### Task brief
Copy out each line of the listing below in which the string "オフィシャルサイト" occurs.

### Given data

****************

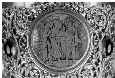
Calice, fausse coupe, Apparition à Thomas.
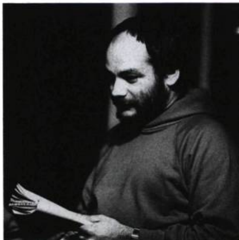
«C'est [...] la crédibilité de Brassard qui a permis le succès de beaucoup de pièces à thématique homosexuelle.» (Stéphane Lépine)

G. D. — La société québécoise a actuellement
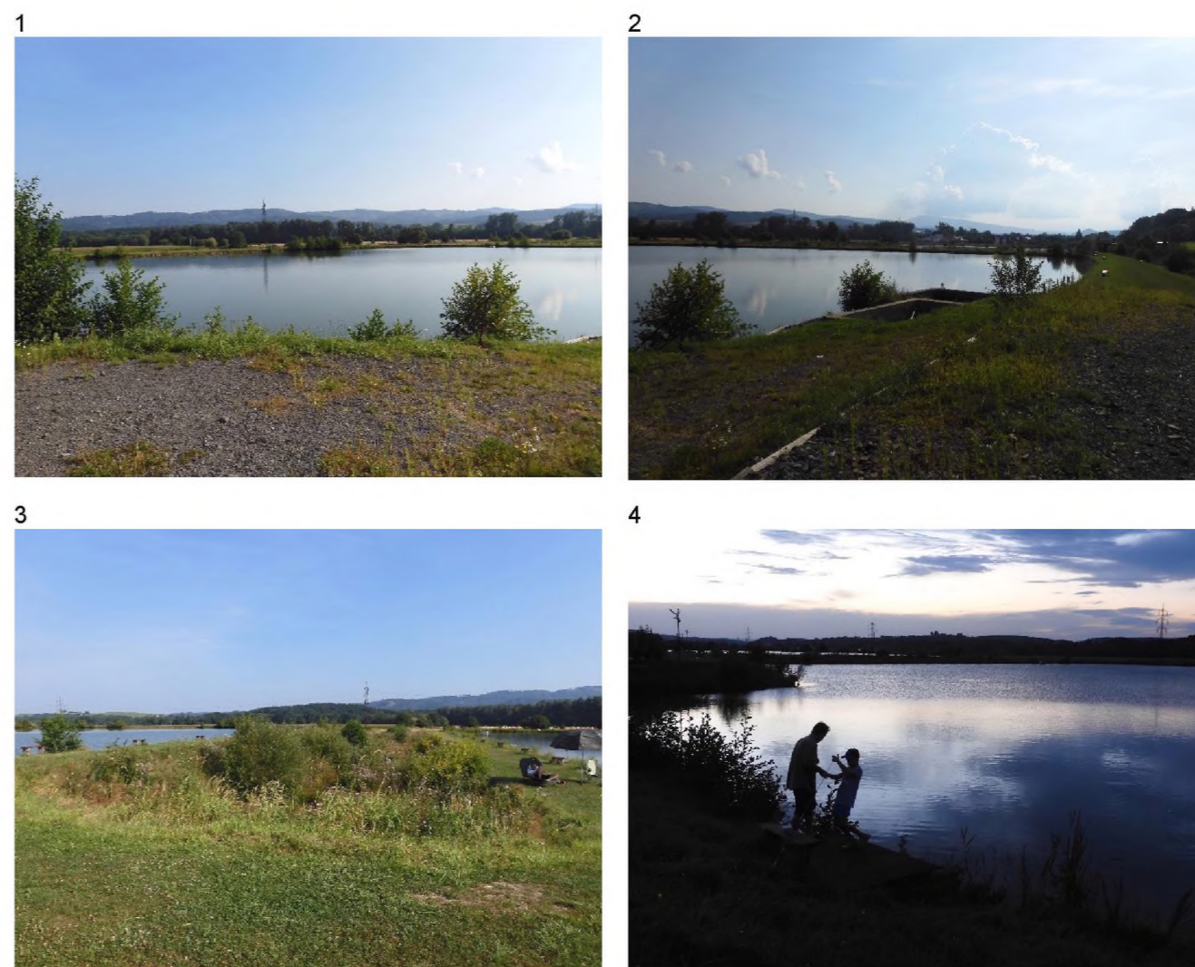
1, 2 – vodní plochy rybníků a mladá narůstající vegetace břehů
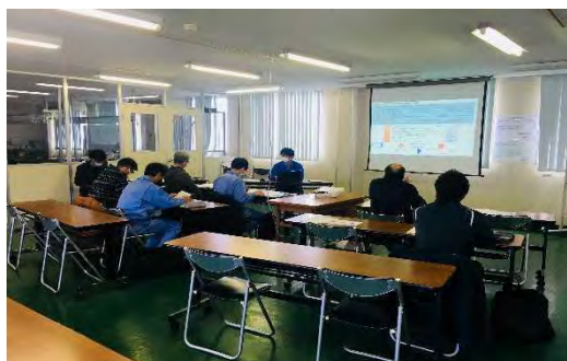
第1回3Dプリンタ勉強会（12月15日）
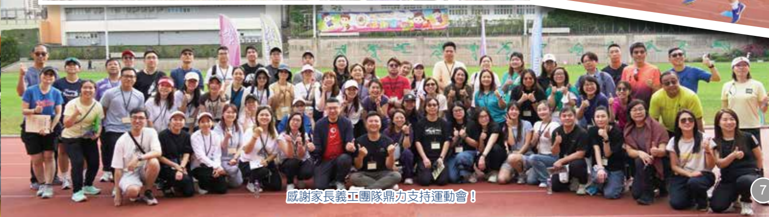
感謝家長義工團隊鼎力支持運動會!
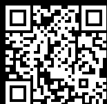
オフィシャルサイト

大会の成績は、「大曲の花火」オフィシャルサイト ( https://www.oomagari-hanabi.com/ ) に掲載されています。YouTubeの大曲の花火実行委員会のチャンネルに今大会のダイジェスト動画がアップされています。ぜひご覧ください。
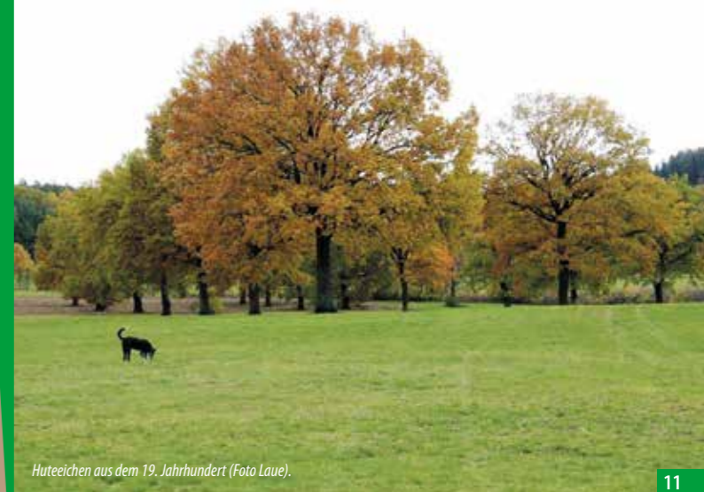
Huteeichen aus dem 19. Jahrhundert.

Felicia Laue, Dipl. Ing. Landespflege (FH), Kreisfachberaterin im Landkreis Roth
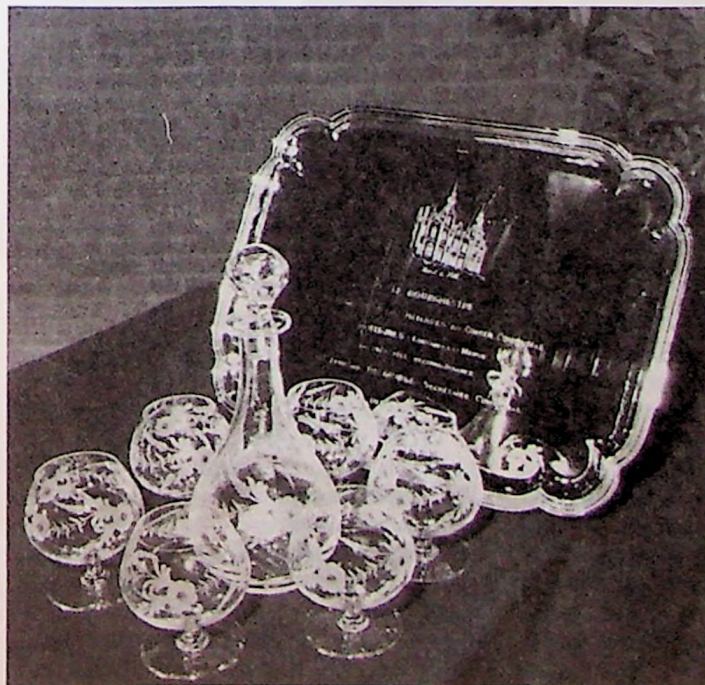
La carafe et les verres (offerts par le personnel communal) garniront le plateau gravé à l'effigie de la Maison Communale.

****************

### Finished exercise
オフィシャルサイト
大会の成績は、「大曲の花火」オフィシャルサイト ( https://www.oomagari-hanabi.com/ ) に掲載されています。YouTubeの大曲の花火実行委員会のチャンネルに今大会のダイジェスト動画がアップされています。ぜひご覧ください。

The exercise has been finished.